- _Listed entries_
━━━━━━━━━━━━━━━━━━━━━━━━━━━━━━

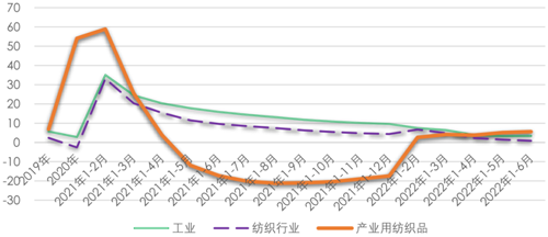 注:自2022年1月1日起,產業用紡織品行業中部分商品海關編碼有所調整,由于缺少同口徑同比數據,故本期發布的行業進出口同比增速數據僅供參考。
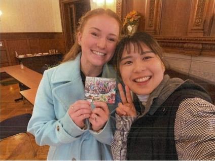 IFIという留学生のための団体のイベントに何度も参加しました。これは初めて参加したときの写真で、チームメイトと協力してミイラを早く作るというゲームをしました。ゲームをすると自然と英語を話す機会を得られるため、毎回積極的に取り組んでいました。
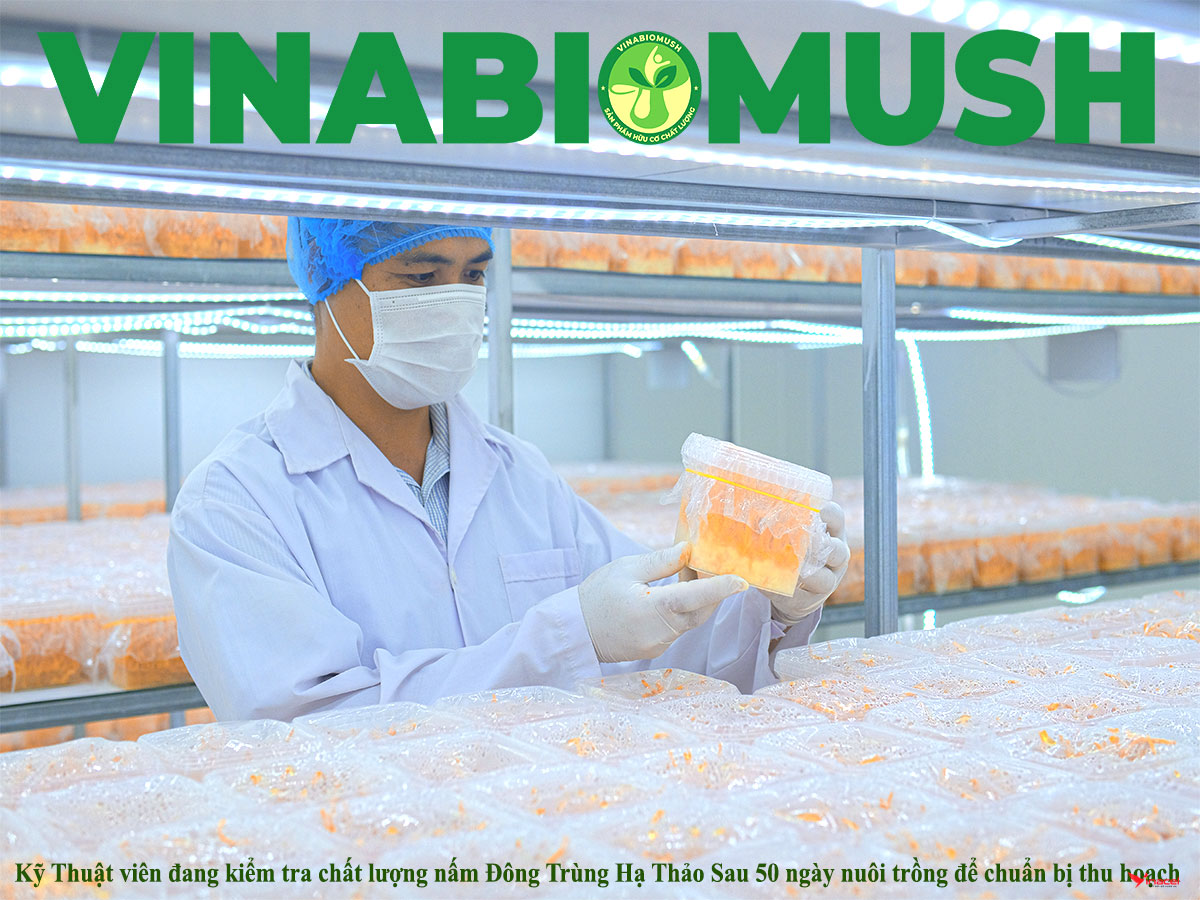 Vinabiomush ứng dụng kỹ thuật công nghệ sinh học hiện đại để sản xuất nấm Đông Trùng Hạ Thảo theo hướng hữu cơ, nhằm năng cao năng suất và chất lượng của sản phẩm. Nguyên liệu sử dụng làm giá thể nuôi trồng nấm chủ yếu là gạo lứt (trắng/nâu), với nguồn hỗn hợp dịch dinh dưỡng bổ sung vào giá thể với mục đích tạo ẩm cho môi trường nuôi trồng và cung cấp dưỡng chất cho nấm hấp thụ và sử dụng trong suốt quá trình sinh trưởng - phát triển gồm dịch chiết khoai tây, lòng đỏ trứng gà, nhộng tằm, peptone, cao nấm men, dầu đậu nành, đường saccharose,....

━━━━━━━━━━━━━━━━━━━━━━━━━━━━━━

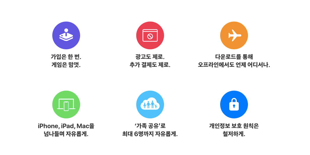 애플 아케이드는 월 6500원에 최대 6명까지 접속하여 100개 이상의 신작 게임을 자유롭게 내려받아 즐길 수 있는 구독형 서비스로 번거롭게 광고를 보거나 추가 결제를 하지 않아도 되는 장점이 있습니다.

━━━━━━━━━━━━━━━━━━━━━━━━━━━━━━

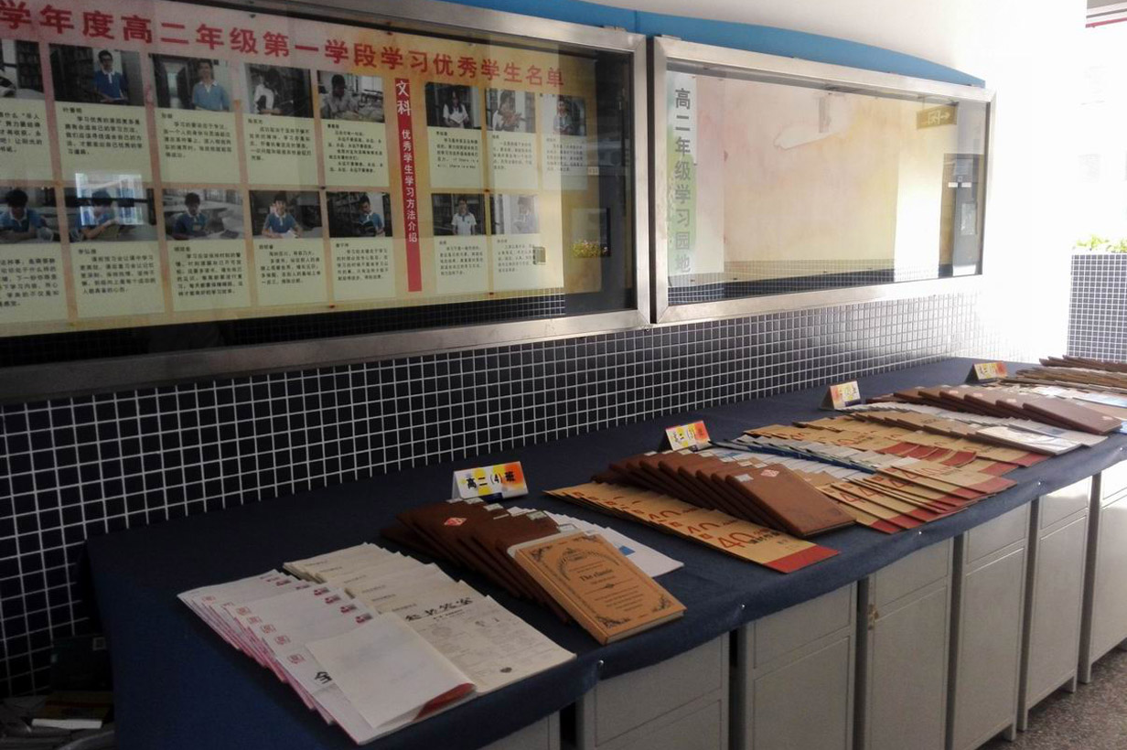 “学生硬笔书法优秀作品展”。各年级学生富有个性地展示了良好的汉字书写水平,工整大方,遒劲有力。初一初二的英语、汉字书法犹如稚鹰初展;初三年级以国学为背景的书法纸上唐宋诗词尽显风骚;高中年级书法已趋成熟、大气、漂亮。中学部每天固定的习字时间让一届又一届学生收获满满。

━━━━━━━━━━━━━━━━━━━━━━━━━━━━━━

- _Exercise requirements_
Among the entries above, copy exactly the stretch from the line holding "IFIという留学生のための団" through the line holding "Vinabiomush ứng dụng", leaving out any pictures.

- _Answer to this problem_
 IFIという留学生のための団体のイベントに何度も参加しました。これは初めて参加したときの写真で、チームメイトと協力してミイラを早く作るというゲームをしました。ゲームをすると自然と英語を話す機会を得られるため、毎回積極的に取り組んでいました。
 Vinabiomush ứng dụng kỹ thuật công nghệ sinh học hiện đại để sản xuất nấm Đông Trùng Hạ Thảo theo hướng hữu cơ, nhằm năng cao năng suất và chất lượng của sản phẩm. Nguyên liệu sử dụng làm giá thể nuôi trồng nấm chủ yếu là gạo lứt (trắng/nâu), với nguồn hỗn hợp dịch dinh dưỡng bổ sung vào giá thể với mục đích tạo ẩm cho môi trường nuôi trồng và cung cấp dưỡng chất cho nấm hấp thụ và sử dụng trong suốt quá trình sinh trưởng - phát triển gồm dịch chiết khoai tây, lòng đỏ trứng gà, nhộng tằm, peptone, cao nấm men, dầu đậu nành, đường saccharose,....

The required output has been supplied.